Fast-scan cyclic voltammetry was used to simultaneously measure increases in dopamine concentration and decreases in O2 concentration evoked by brief electrical stimulation (two pulses at 10 Hz) in slices of rat caudate nucleus. Dopamine concentration began increasing immediately after the first pulse and reached a maximum within 200 ms of stimulation. The O2 concentration began to decrease 300-700 ms after onset of stimulus. Responses for both dopamine and O2 were dependent on external Ca2+ and were Cd2+ and tetrodotoxin sensitive. Only the O2 response was sensitive to CN- (0.15 mM). At short times after exposure to 50 microM ouabain, electrically stimulated dopamine overflow was increased by 150% and electrically stimulated changes in O2 concentration were unaffected. Maximum dopamine concentration was increased 28% by sulpiride (2 microM), 78% by L-DOPA (60 microM), 105% by nomifensine (10 microM) and unaffected by nialamide (10 microM). Maximum decrease in O2 concentration was increased by 25% by sulpiride and unaffected by nialamide, L-DOPA, or nomifensine. The decreases in O2 concentration are indicative of increased O2 consumption and are a measure of oxidative energy production evoked by electrical stimulation. The increase in dopamine is due to the release of dopamine balanced by uptake and serves as an indication of neurotransmitter activity. The results indicate that increases in oxidative energy production following electrical stimulation are dependent on external Ca2+ entry through Cd(2+)-sensitive channels. Possible mechanisms for this coupling are discussed.
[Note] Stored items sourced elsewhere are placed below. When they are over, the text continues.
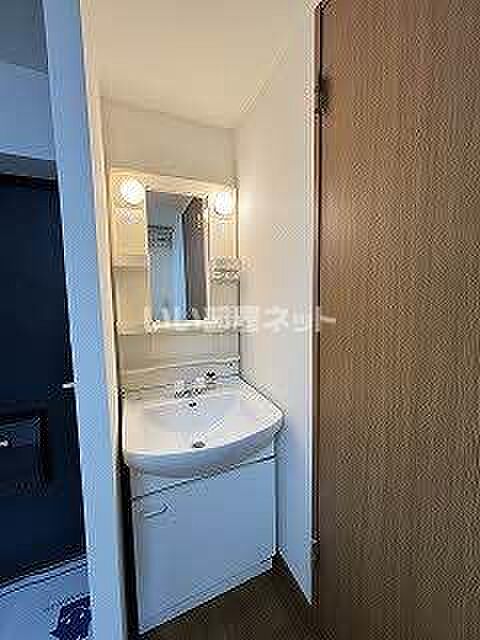 化粧品や洗面道具といった小物をまとめてスッキリ収納できる洗面化粧台が付いております。
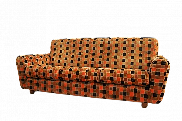 Divano con 3 sedute in ciniglia quadri colorato con piedini in legno. Leggera usura dovuta all’età e all’utilizzo.
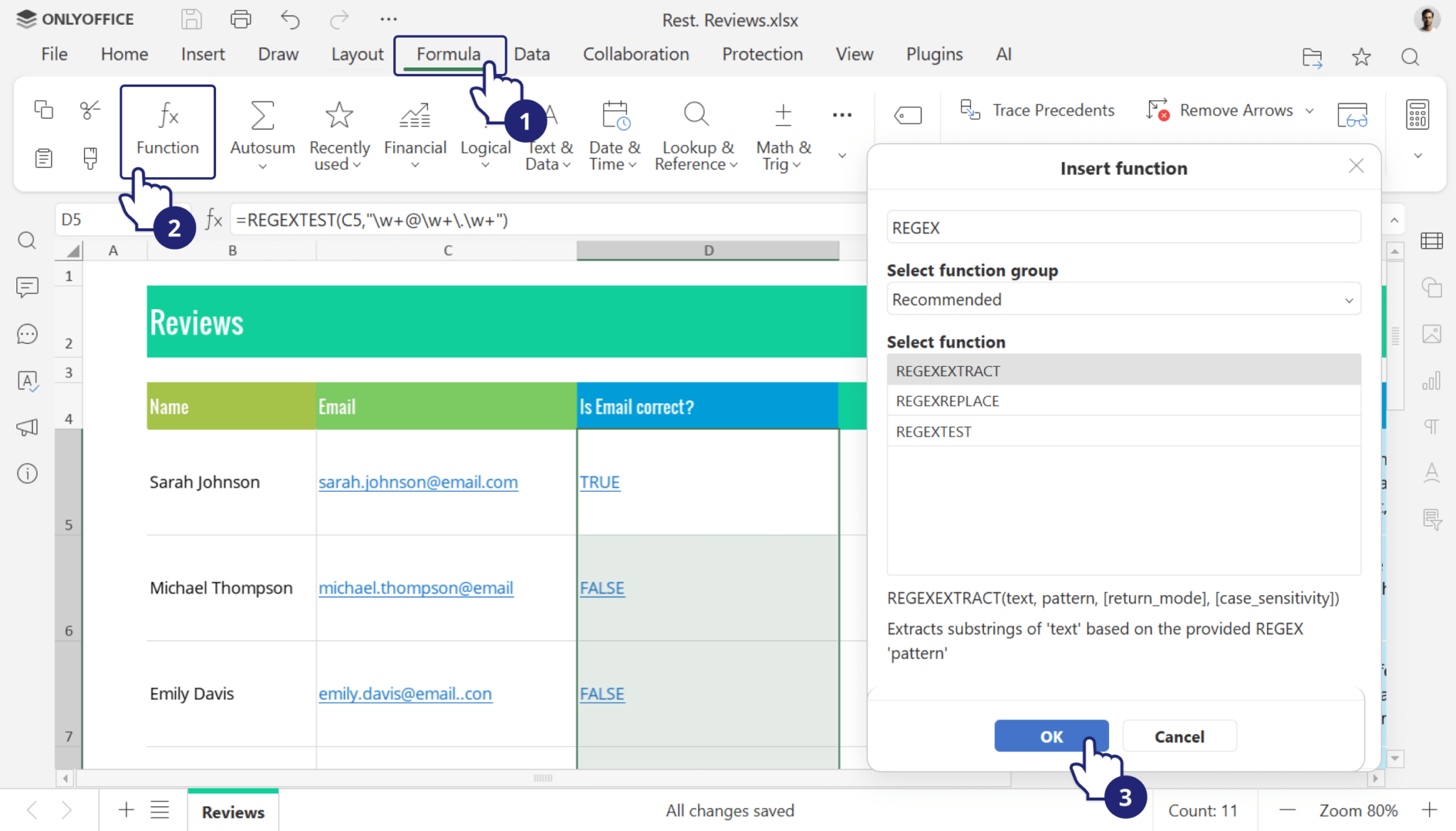 - Добавлены функции REGEXTEST, REGEXREPLACE и REGEXEXTRACT, позволяющих использовать регулярные выражения для поиска, извлечения и замены в тексте.
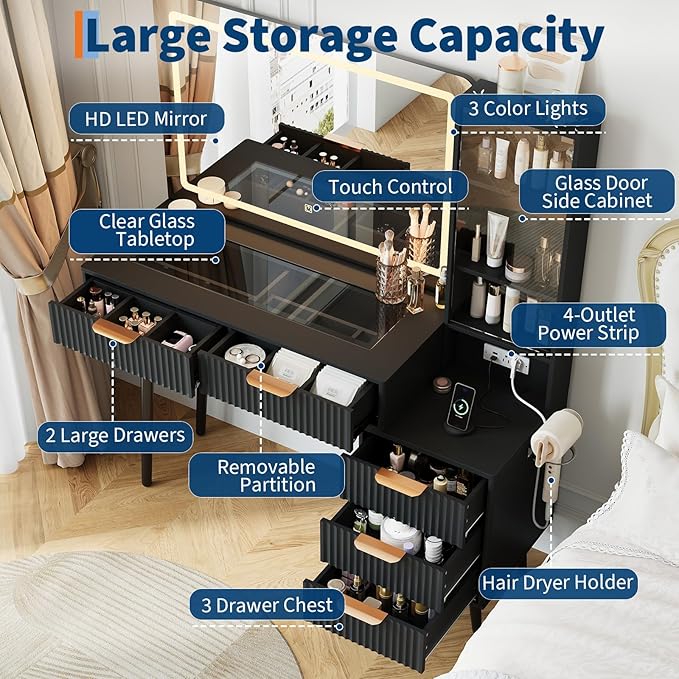 - 【Spacious Visual Glass Top & Open Shelves】Discover the ultimate in organization and style with the GarveeHome makeup vanity, which boasts a expansive GLASS TABLETOP that provides a clear view into the drawers below. This visual feature helps you quickly locate essentials while maintaining a sleek, clutter-free appearance. Additionally, this 3-Tier Glass-Door Shelf elegantly displays frequently used cosmetics, perfumes, or accessories.

Regulation of transient dopamine concentration gradients in the microenvironment surrounding nerve terminals in the rat striatum.

Synaptic overflow of dopamine in the striatum has been investigated during electrical stimulation of the medial forebrain bundle in anesthetized rats. Dopamine has been detected with Nafion-coated, carbon-fiber electrodes used with fast-scan voltammetry. In accordance with previous results, dopamine synaptic overflow is a function of the stimulation frequency and the anatomical position of the carbon-fiber electrode. In some positions the concentration of dopamine is found to respond instantaneously to the stimulus when the time-delay for diffusion through the Nafion film is accounted for. In these locations the measured rates of change of dopamine are sufficiently rapid such that extracellular diffusion is not apparent. The rate of dopamine overflow can be described by a model in which each stimulus pulse causes instantaneous release, and cellular uptake decreases the concentration between stimulus pulses. Uptake is found to be described by a constant set of Michaelis-Menten kinetics at each location for concentrations of dopamine from 100 nM to 15 microM. The concentration of dopamine released per stimulus pulse is found to be greatest at low frequency (< or = 10 Hz) with stimulus trains, and with single-pulse stimulations in nomifensine-treated animals. The frequency dependence of release is not an effect of dopamine receptor activation; haloperidol (2.5 mg/kg) causes a uniform increase in release at all frequencies. The absence of diffusional effects in the measurement locations means that the constants determined with the electrode are those operant inside intact striatal tissue during stimulated overflow. These values are then extrapolated to the case where a single neuron fires alone. The extrapolation shows that while the transient concentration of dopamine may be high (200 nM) at the interface of the synapse and the extrasynaptic region, it is normally very low (< 6 nM) in the bulk of extracellular fluid.